▶ [THE TASK]
Your copy should hold only the lines from the one with "Jorgensen 4-Piece Wood" to the one with "A few photos", both included, each exactly as it stands below, with no pictures.

▶ [RECORDS FOR THE EXERCISE]
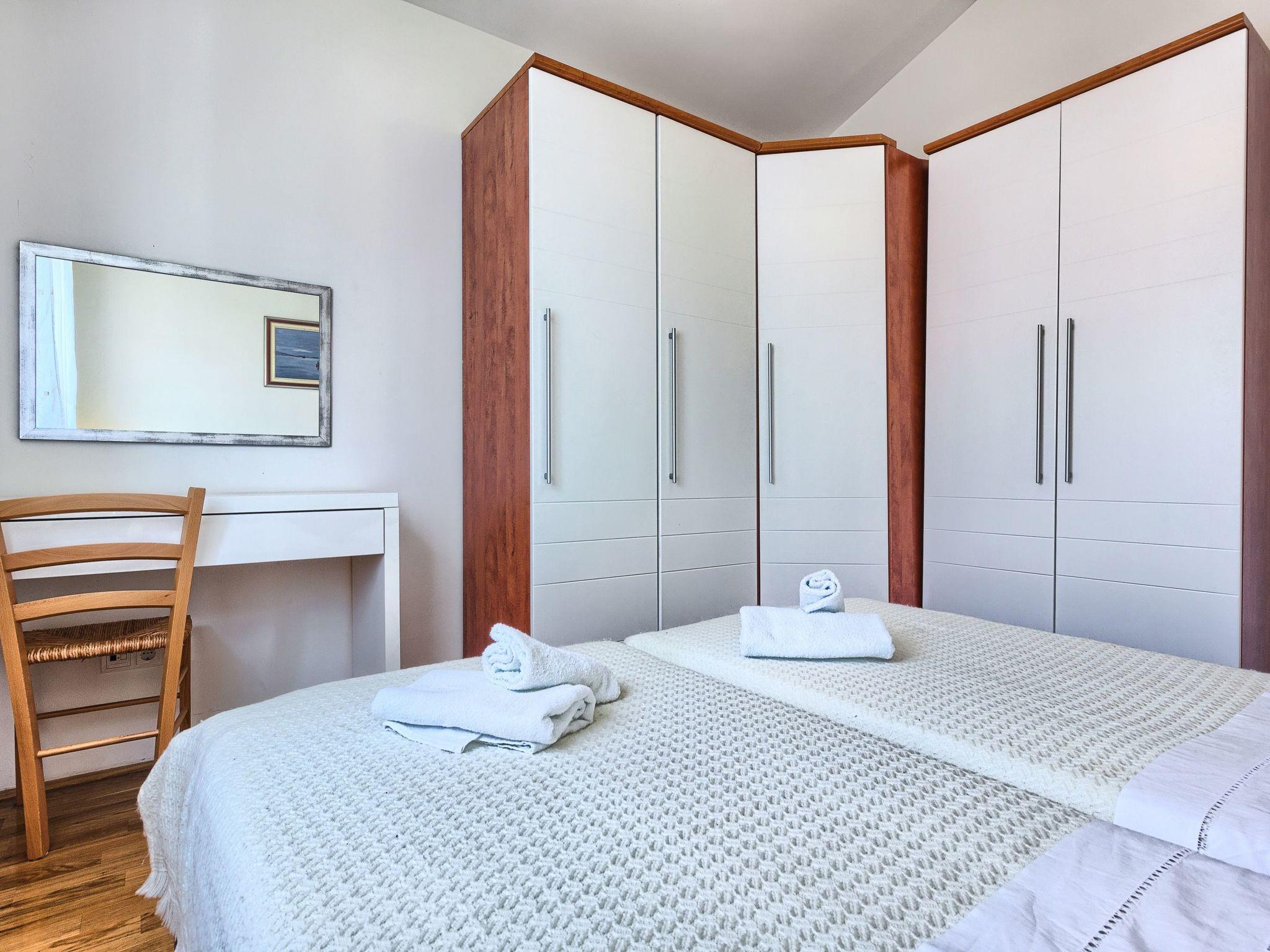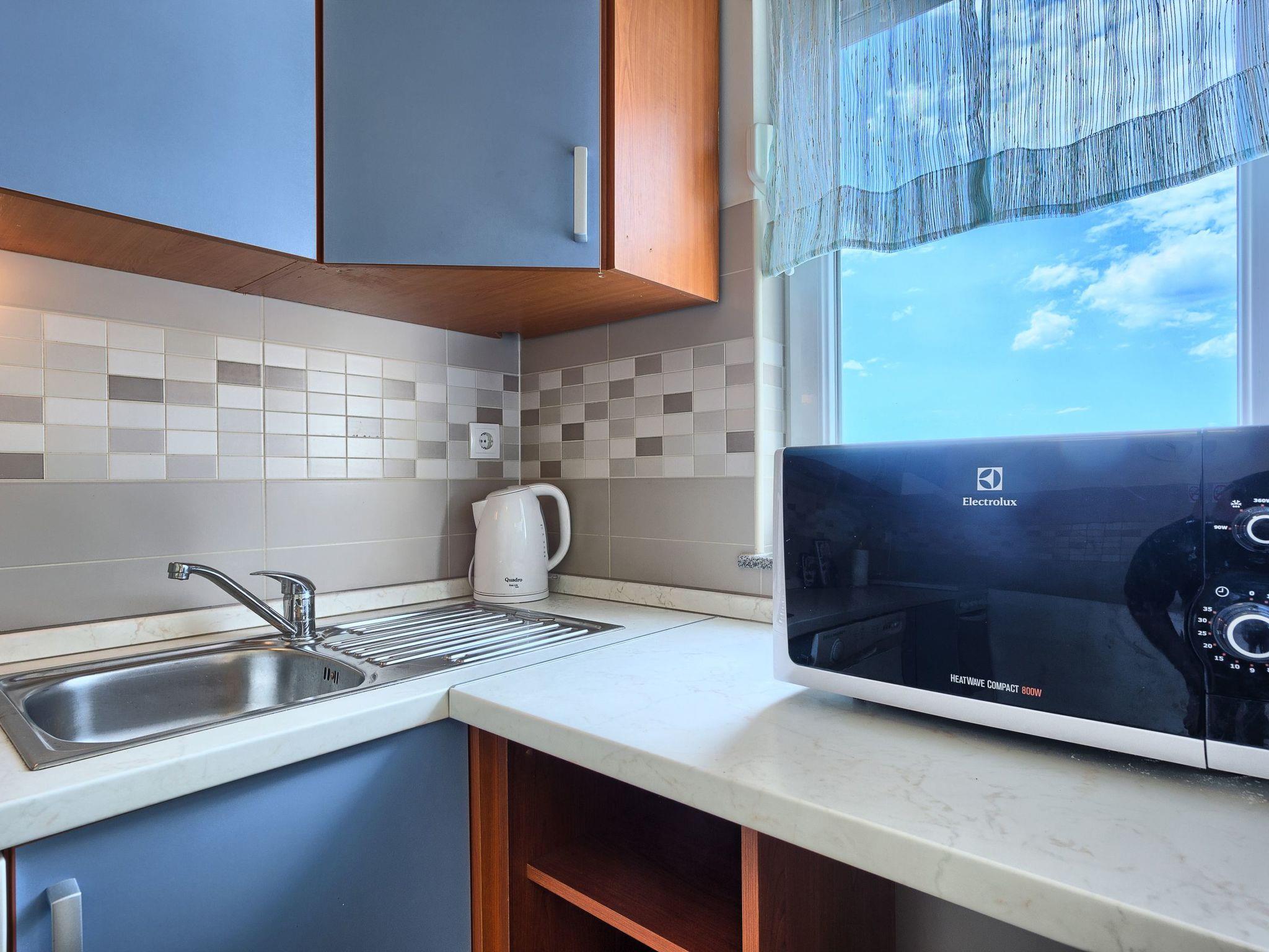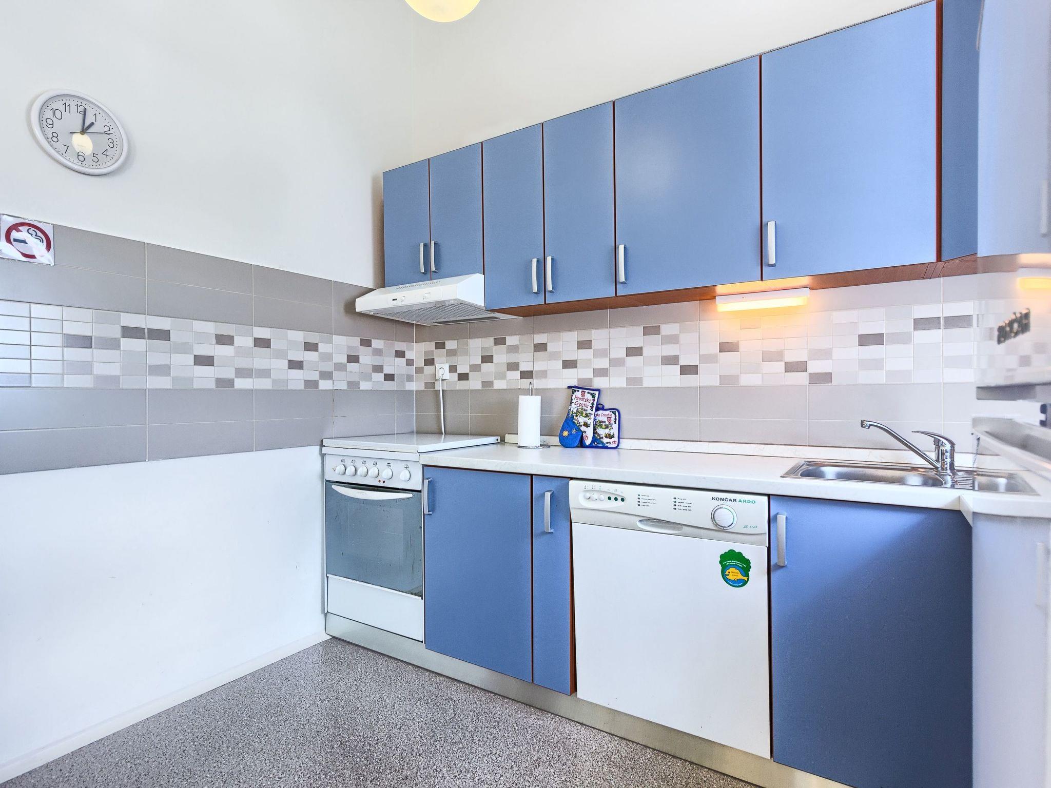 Inside, the 60m² apartment is designed to comfortably accommodate up to five guests. It boasts a fully-equipped kitchen with modern appliances such as a hob, oven, fridge, microwave, kettle, and dishwasher, alongside a dining table for six. For relaxation, the living room is outfitted with air conditioning, a TV, and a large sofa bed that converts to accommodate two people. Sleeping arrangements are provided across two cozy bedrooms, with the main bedroom featuring two single beds and the second bedroom housing one single bed. Furthermore, a well-appointed bathroom includes a shower, washing machine, and toilet for your convenience.
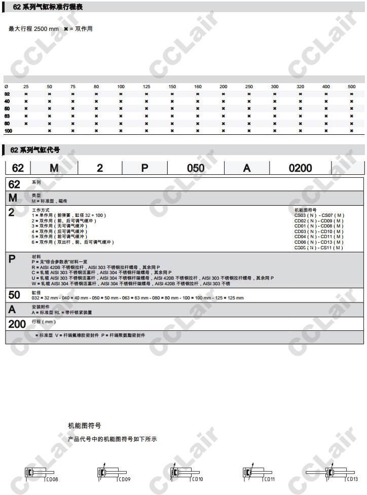 62M1P032A0100,62M2P050A0200,62M3P063A0250,camozzi气缸
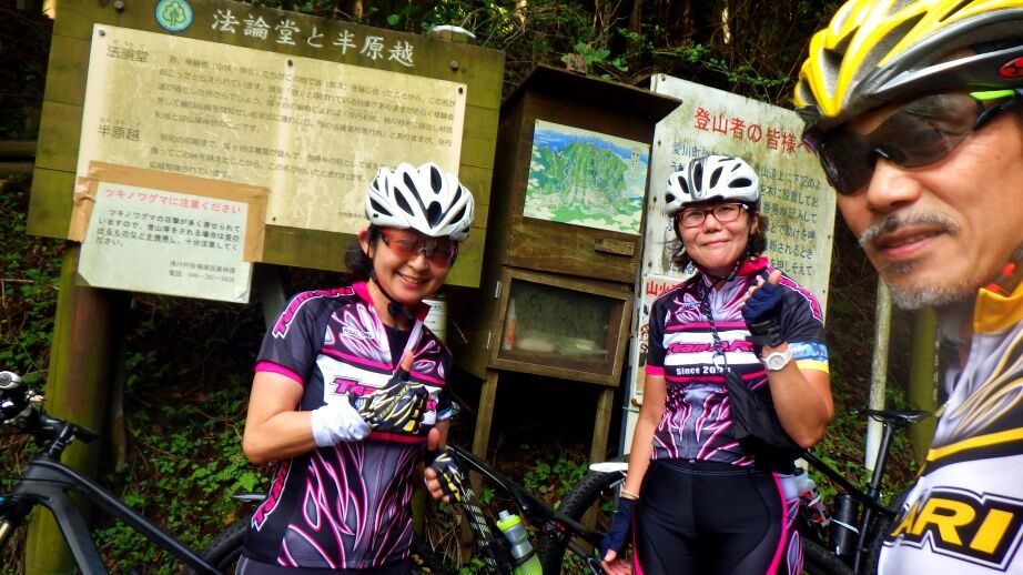 午前中のクライミング講習会が終わって、午後からはMTB講習会で半原越えへ。
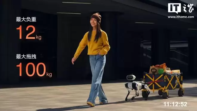 “大头 BoBo”的最高速度可达 13.3km/h,最大负重可达 12kg,最大拖拽可达 100kg,最新演示了拖拽露营车的场景。
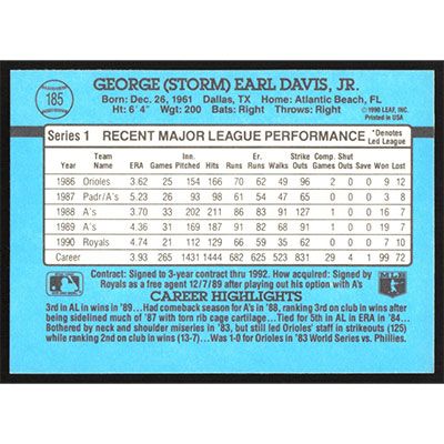 This is a 1991 Donruss Storm Davis baseball card. The card is #185 and pictures show condition.
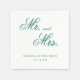 Classic style Wedding Napkin featuring "Mr. and Mrs." in an elegant calligraphy typography along with your names and wedding date. All text is a jewel tone emerald green over a white background and may be changed to any colours you wish by clicking the "customize" button. These napkins are a great way to add a personal touch to your reception, engagement party or rehearsal dinner and are perfect for a formal wedding.
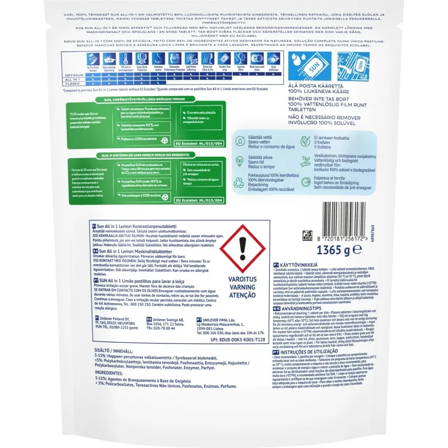 Den nya 100 % effektiva Sun All-in-1 är gjord av 85 % naturliga rengöringsingredienser. En komplett lösning som innehåller salt och sköljmedel, allt i en tablett: tar bort envisa fläckar och gör disken gnistrande ren vid varje tvätt, miljömärkt. 100 % upplösbar omslag. Förpackningen är 100% återvinningsbar.
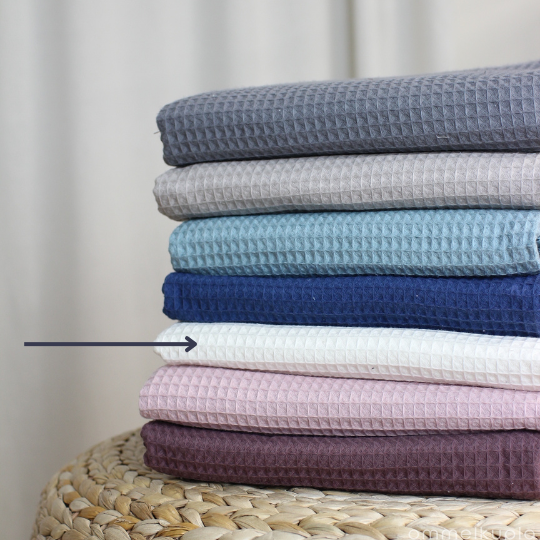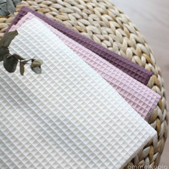 Vohvelikangas kannattaa pestä vasta ompelun jälkeen, sillä pinnan tekstuuri muuttuu pesussa pehmoisemmaksi ja ryppyisemmäksi.
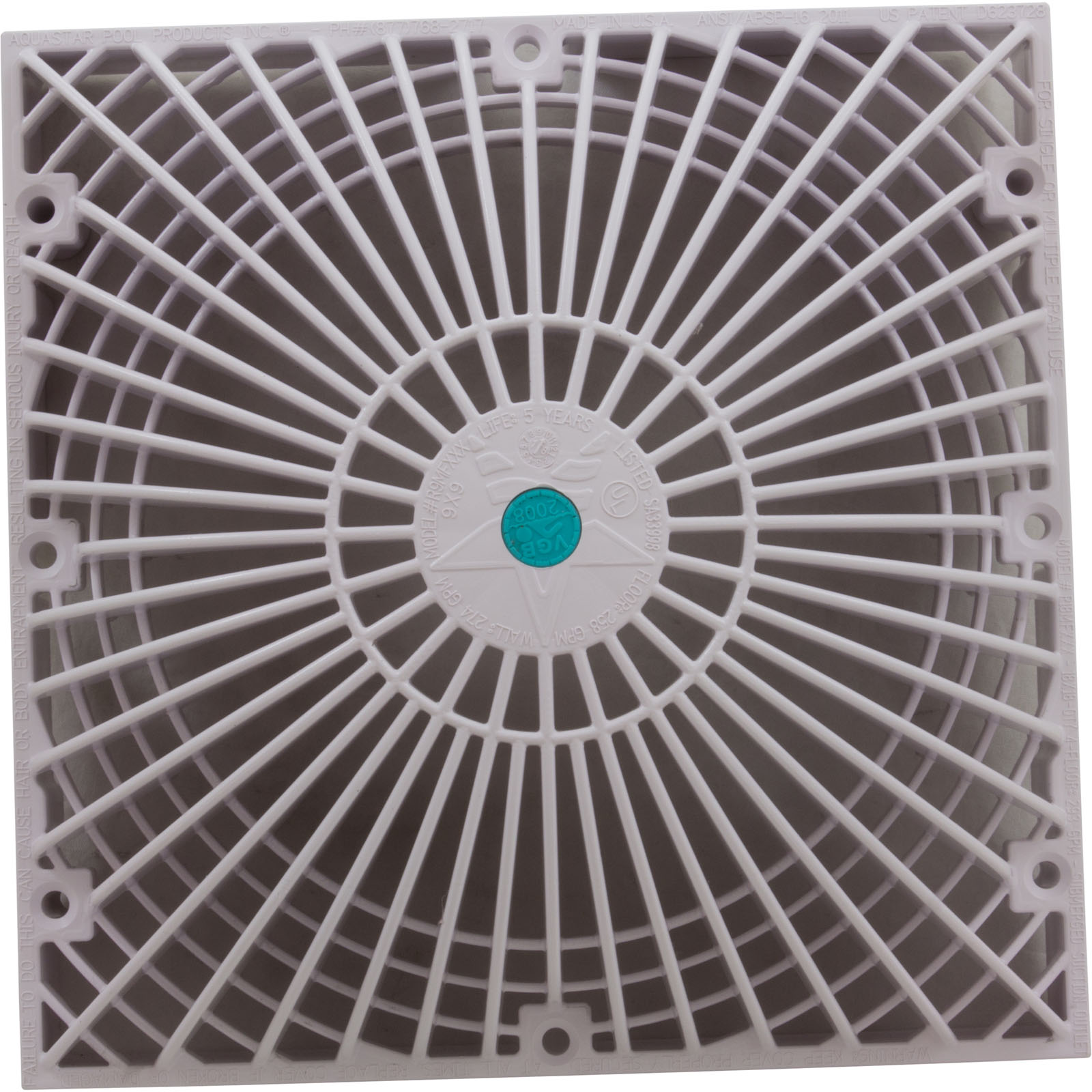 Main Drain Cover, AquaStar,Retro MoFlow,9" x 9",Square,White
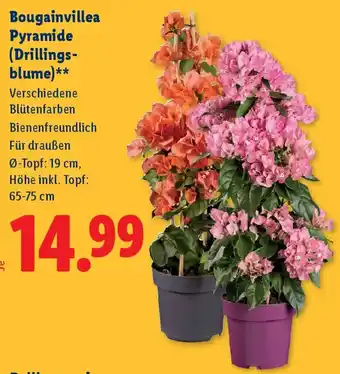 Jetzt im Angebot bei Lidl: Bougainvillea Pyramide (Drillings- blume) ✅ Aktion gültig von 23-04 bis 29-04.
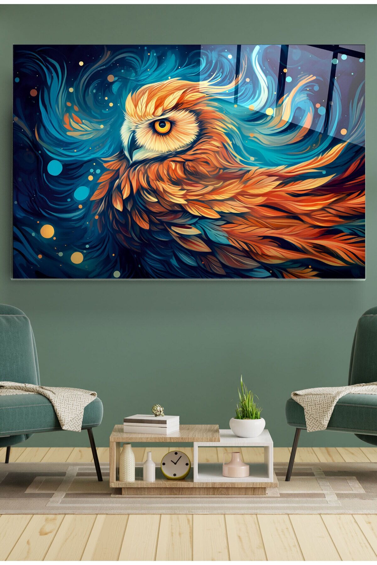 Baykuş Cam Tablo, Dekoratif Cam Tablo
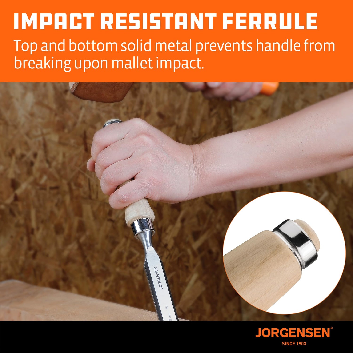 Jorgensen 4-Piece Wood Chisel Set, Chromium Alloy Steel Beveled Edge Wood Chisels, Wood Chisels for Woodworking, Ergonomic Hardwood Handle with Metal Ferrule, 1/4", 1/2", 3/4", 1"
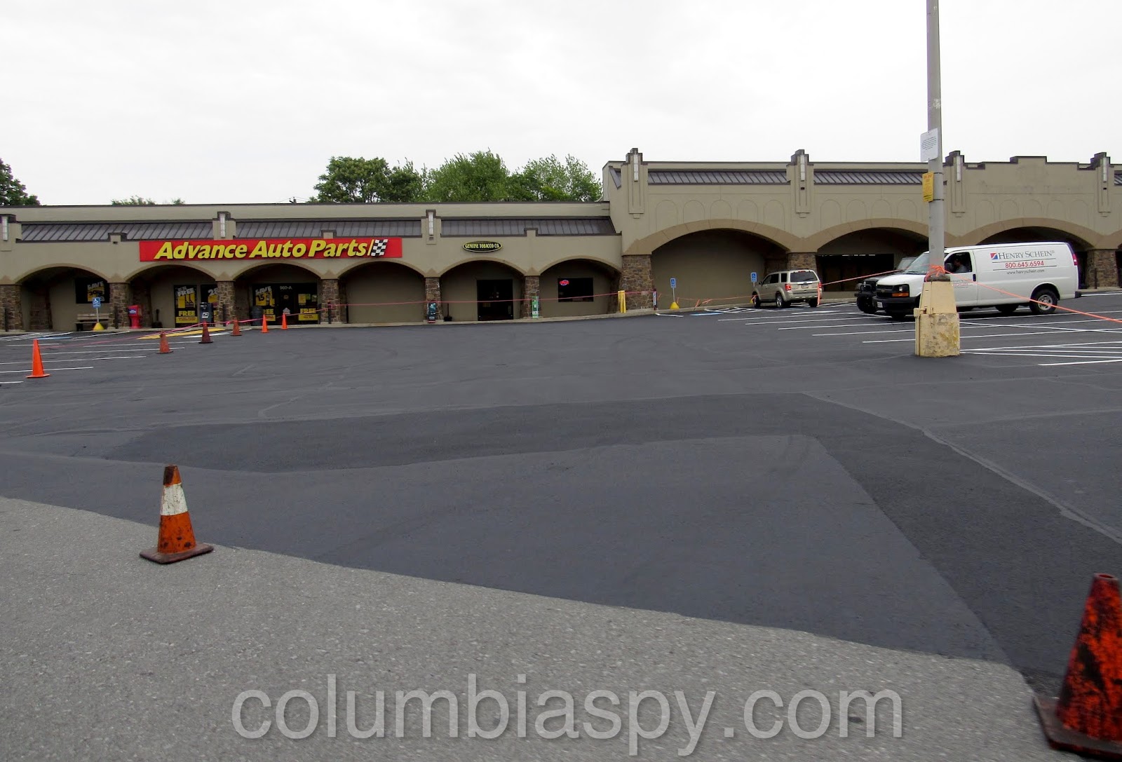 A few photos of the newly sealed Columbia Plaza parking lot…
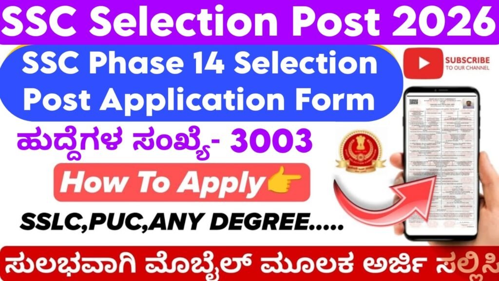 SSC Selection Post Phase 14 Recruitment 2026 – 3003 Posts Apply Online Complete Details Introduction Government job ಹುಡುಕುತ್ತಿರುವ ಅಭ್ಯರ್ಥಿಗಳಿಗೆ ಇದು …

▶ [RESULT FOR THIS EXERCISE]
 Jorgensen 4-Piece Wood Chisel Set, Chromium Alloy Steel Beveled Edge Wood Chisels, Wood Chisels for Woodworking, Ergonomic Hardwood Handle with Metal Ferrule, 1/4", 1/2", 3/4", 1"
 A few photos of the newly sealed Columbia Plaza parking lot…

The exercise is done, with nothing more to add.